Tulisan Tanpa Rekayasa
Sudah hampir setengah bulan tulisanku tentang Ummi terus berjalan hingga hari ini.
Di tengah perjalananku menulis ini, kegalauan menyelimuti. Bagaimana jika tulisanku tentangnya jelek? Bagaimana jika ada ingatanku salah? Bagaimana jika ada bagian yang tidak Ummi ridhai dibaca oleh banyak orang?
Beribu keraguan mendatangi setiap kali akan kugerakkan jari jemariku menulis tentang Ummi. Setiap dialog yang kubuat, setiap percakapan yang kuingat, apa memang seperti ini bentuknya? Apa tidak salah satu atau dua, yang bisa jadi mengubah maksud Ummi sesungguhnya?
Terkadang pula, rasa rindu yang teramat membuatku mengetikkan hal-hal yang terlintas dalam khayalan. Ummi bermain dengan Nusaibah, Ummi tersenyum melihat Nusaibah berhasil membaca surah Al-Fatihah, Ummi menghibur Nusaibah yang sedang sedih, dan lain sebagainya. Padahal tak sekali pun mereka sempat bertemu dan tatap muka langsung tanpa perantara. Tentu saja, buru-buru kuhapus tulisan tersebut sambil menseka air mata yang diam-diam turun.
Terus berusaha membuat catatan yang real, yang tidak mengada-ngada. Membuat goresan ingatan yang benar-benar pernah terjadi, tanpa tercampur oleh kecamuk rindu yang sering mengendalikan imajinasi.

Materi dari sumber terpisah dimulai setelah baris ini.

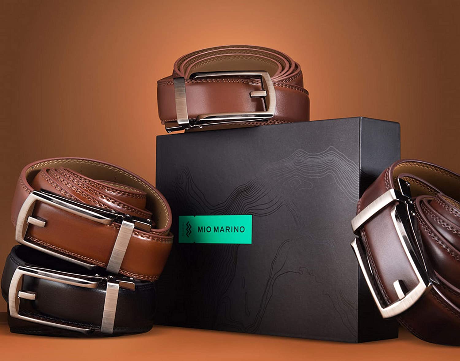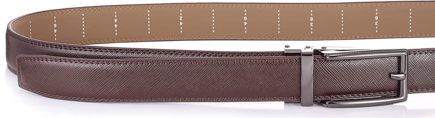 • NO MORE HOLES - Marino's Fashion Ratchet Belt provides 38 unique adjustments for a superb comfortable fit. Easy removable buckle allows you to cut the belt to your ideal size to give a primmer and custom tailored appearance!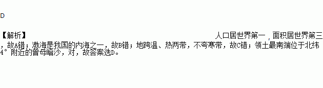 D. 领土最南端位于北纬4度附近的曾母暗沙

Tantangan calon buku yang satu ini bukan tentang writer blocks lagi. Namun bagaimana ia menuliskan tentang Ummi dalam bentuk sebenar-benarnya tanpa rekayasa sedikit pun. Agar siapa pun pembacanya bisa memetik teladan, juga bagi yang mengenalnya bisa mengenang dengan baik.